Векиль-баши привалился к стене.
– Дьяволу душу продам, будь они прокляты…
Мгновенным движением старик вынул записку, сунул ее Гулям-Гуссейну и, припав губами к его щеке, зашептал что-то, захлебываясь и плюя в ухо.
За поворотом коридора зашуршало, застучало и понесло звоном шпор.
– Где арестованный?
– Асад-Али-хан!
Поручик на рысях вылетел из-за стены. Он был налит до переносицы служебным негодованием.
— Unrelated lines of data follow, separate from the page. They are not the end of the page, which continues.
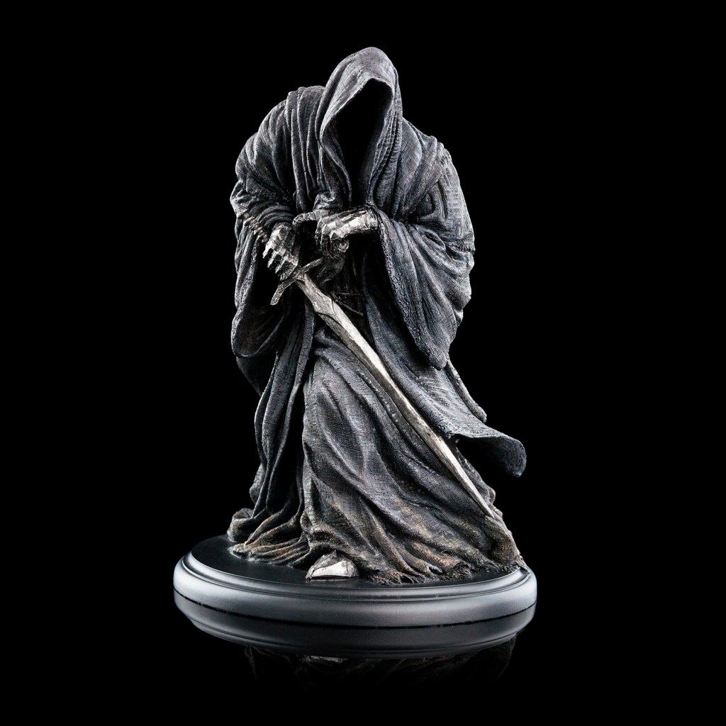Estatua de polipiedra de alta calidad con unas dimensiones aprox. de 11,5 x 15 x 11,5 cm. Finalizada y pintada a mano. De la linea Miniature Statues de Weta. Representa al Nazgûl visto en ‘La Comunidad del Anillo’.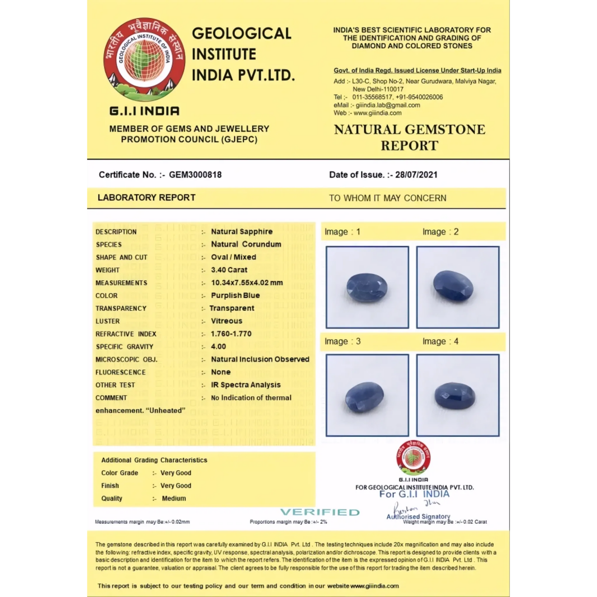 Premium Ceylon Blue Sapphire 3.4 Carat – Unheated & Untreated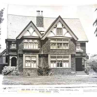 Photograph of 2045 Central Avenue, home of Dr. George P. Reynolds, shortly before demolition. Henry H. Myers was the architect.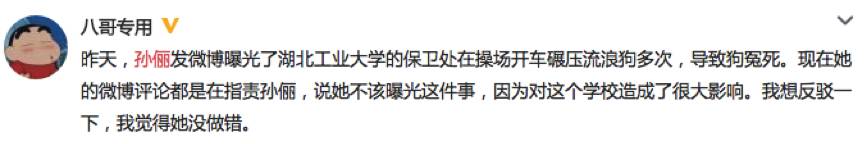 近日,孙俪因在微博怒斥某大学保卫处在操场开车碾压流浪狗多次,导致狗冤死,而遭到该大学学生的集体指责。说娘娘不该曝光这件事,因为对这个学校造成了很大影响……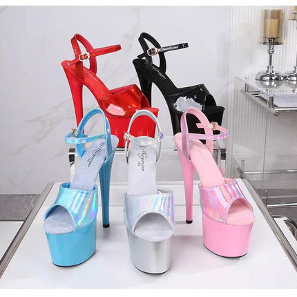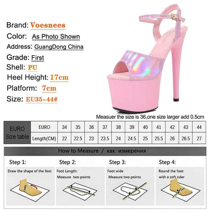 Experience the ultimate in fashion with the Women 17cm Platform Laser High Heels by Voesnees. These stunning heels are designed for women who love to stand out and make a statement. With a towering 17cm stiletto heel, these shoes elevate your style and confidence to new heights.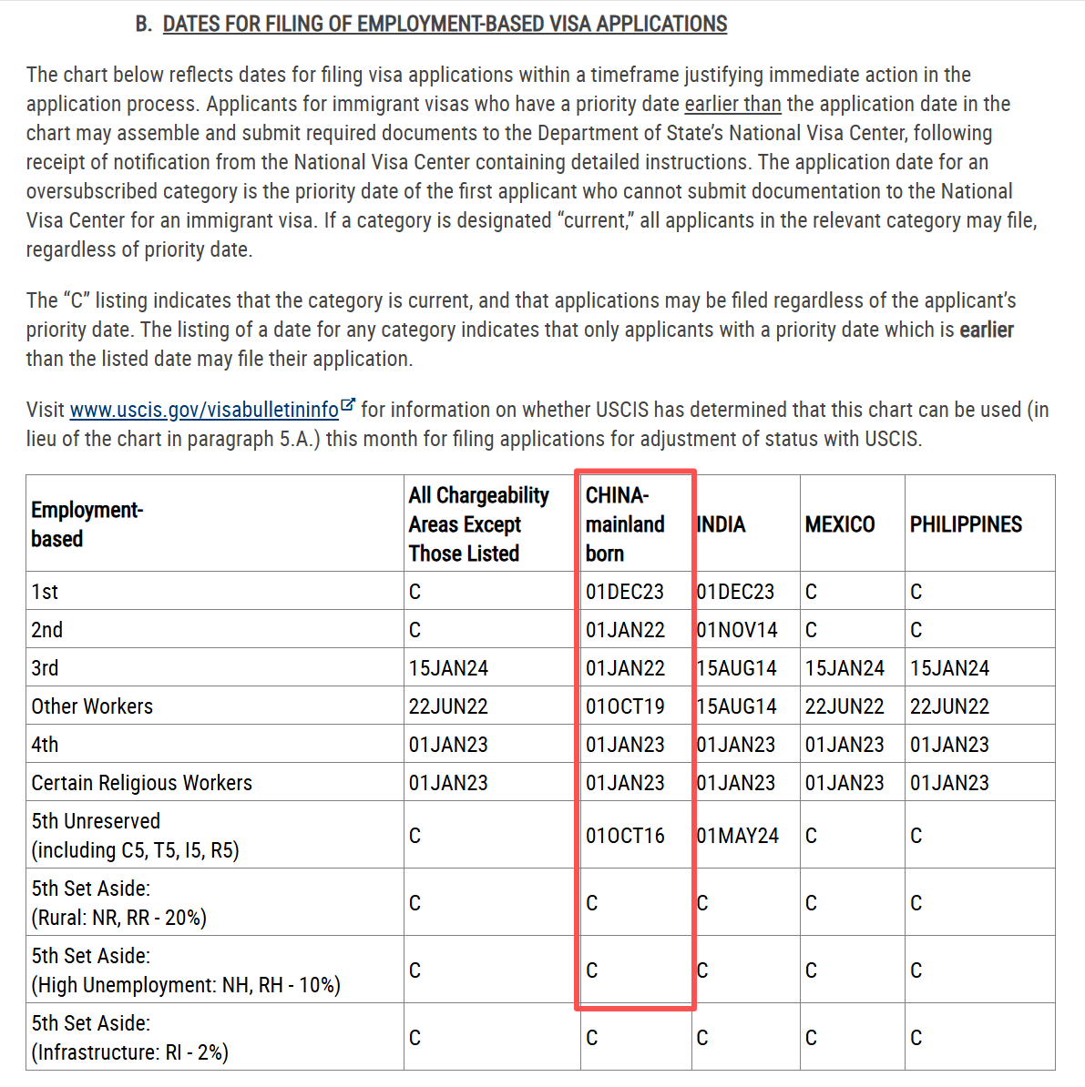 注:表A即移民签证可以被签发的最终审批日期如果申请人的优先日(Priority Dates)在表A的日期之前,就意味着他的排期到了,移民局或签证中心可对他的移民申请进行最终审核,并决定是否签发绿卡。如果表A排期未到,就是因为没有可以使用的移民签证名额,美国移民局和签证中心就不会对他的案子进行最终批准。

– Куда вас шайтан унес? В нужник! А разговаривать?..
Кто вам разрешил? Я разрешил? Ротмистр? Тебе приказ был дан? Дан, я спрашиваю?
Мамед молчал.
– Арестую! Замурую в карцере!
Он теребил ремни, и уже кулак его готовился к зуботычине. Вахмистр бросился между ними и закричал потерянным голосом:
– Ну, не расходись, поручик!
Тот оторопел и через несколько недоуменных, испуганных мгновений завизжал:
– Бунт!..
Услышав чьи-то поспешные шаги, сказал лживо и холодно:
– Арестованного требует к себе господин ротмистр.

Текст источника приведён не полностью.